## TASK TO CARRY OUT
Quote these lines exactly: the one that holds "Quadrate in Weiß" and every line after it to the end of the material below. Skip pictures.

*** RECORD EXTRACTS Section Begins ***

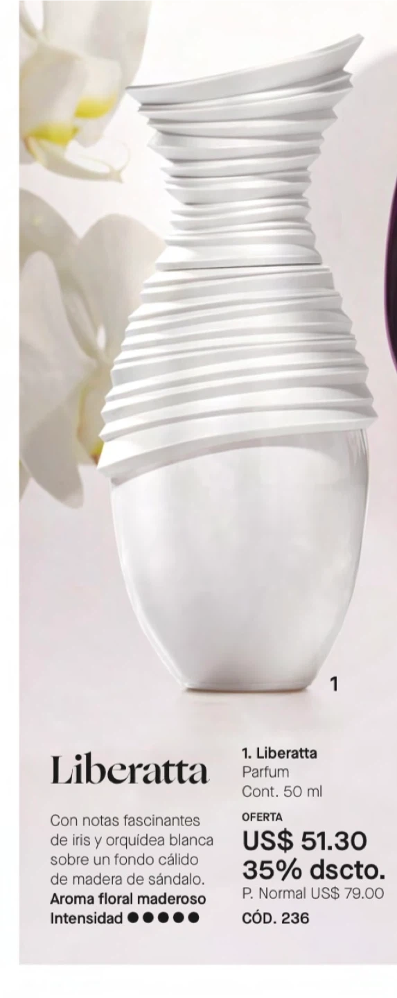 Selling a bottle of Liberatta Parfum by Yanbal! This perfume comes in a 50 ml (1.6 fl oz) bottle. It's a floral, woody fragrance with notes of iris, white orchid, and sandalwood. A great scent for everyday wear!
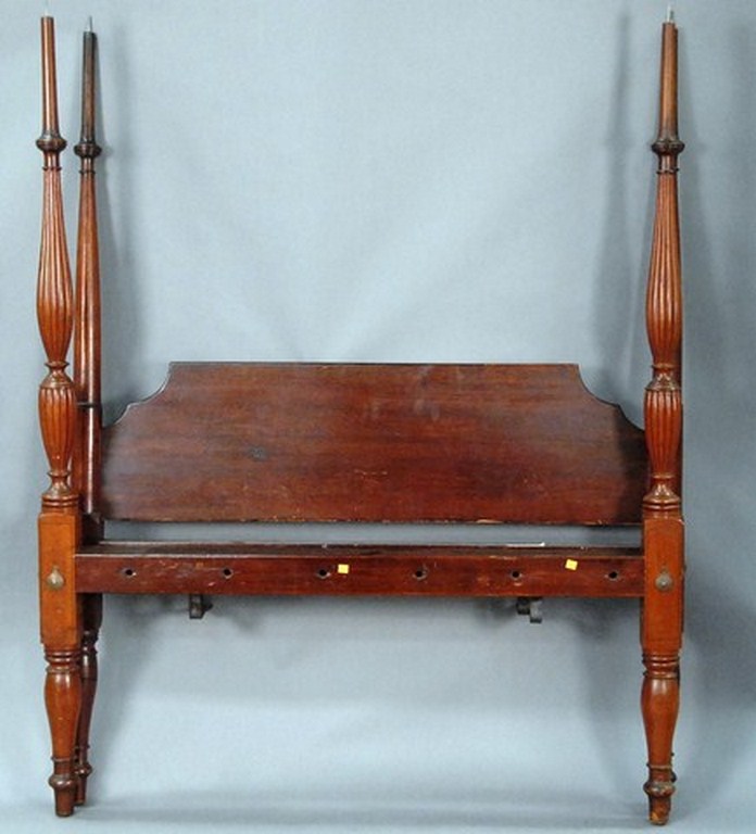 Sheraton mahogany and hardwood canopy bedstead, turned front posts with reeded upper section, having banded inlay beneath, head posts with matching turnings, bed retains its original headboard, arched canopy and full length rails. ht. 84in.
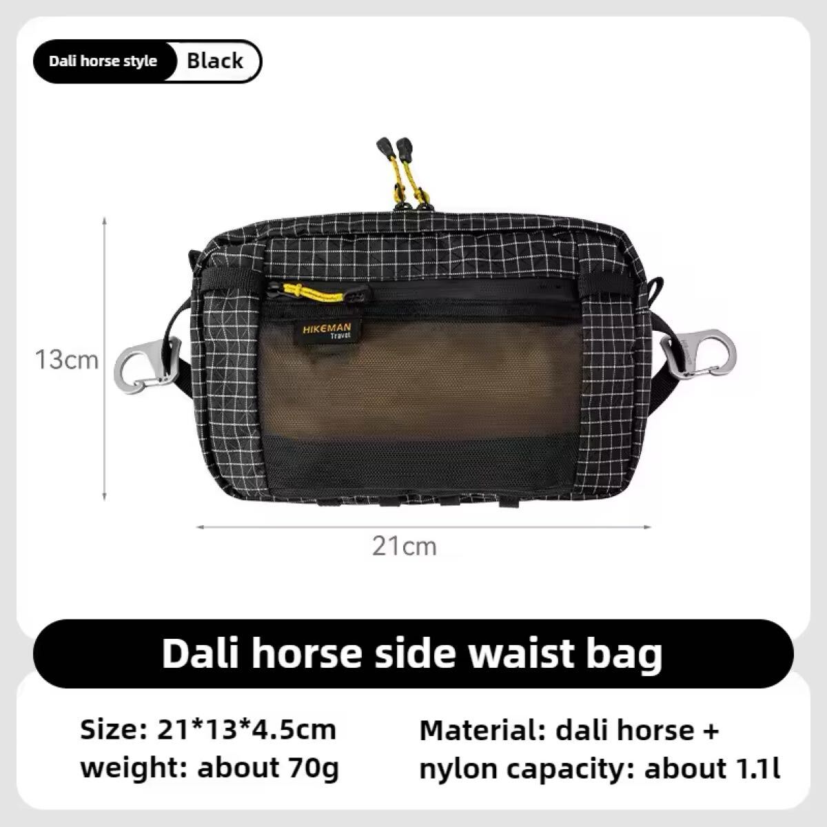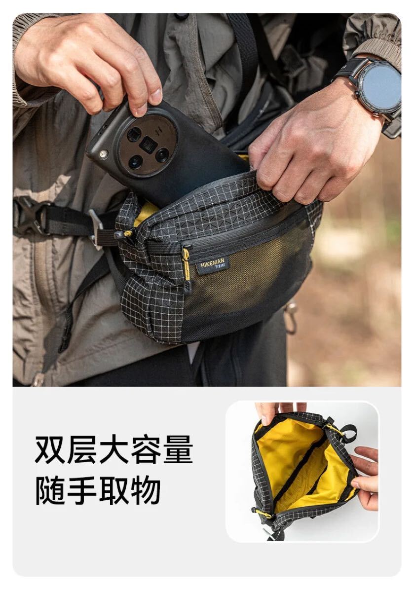 HIKEMAN UL ウエストバッグ ポーチ ファニーパック black サイドウエストバッグ 軽量 小物入れ bag waist bag ウルトラライト 黒 zip
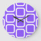 Quadrate in Weiß und Violett Kissen Große Wanduhr
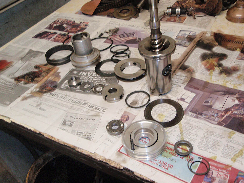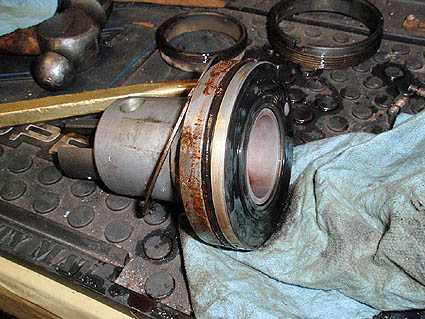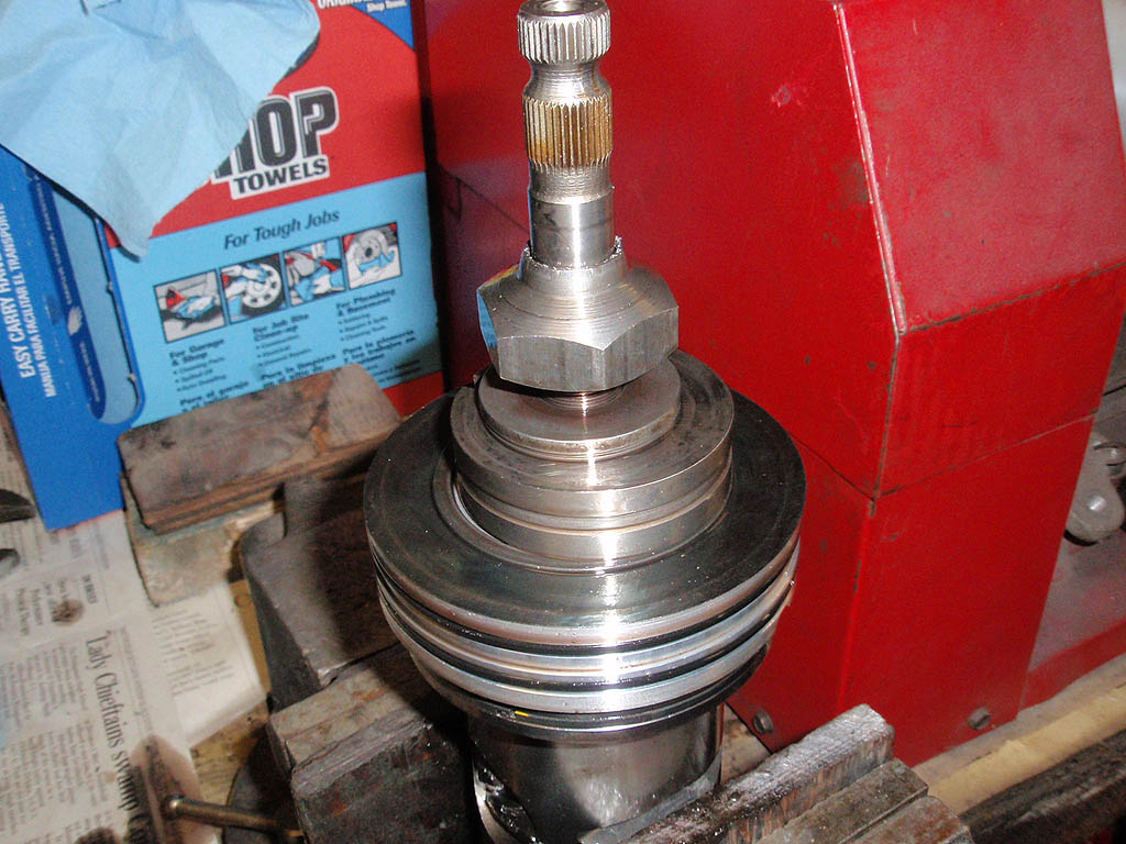 Collar removed showing lock nut for thrust bearing. If I was just re-sealing this box, everything would come out together to keep all the parts in line.

*** RECORD EXTRACTS Section Ends ***

## OUTPUT OF THE EXERCISE
 Quadrate in Weiß und Violett Kissen Große Wanduhr
 Collar removed showing lock nut for thrust bearing. If I was just re-sealing this box, everything would come out together to keep all the parts in line.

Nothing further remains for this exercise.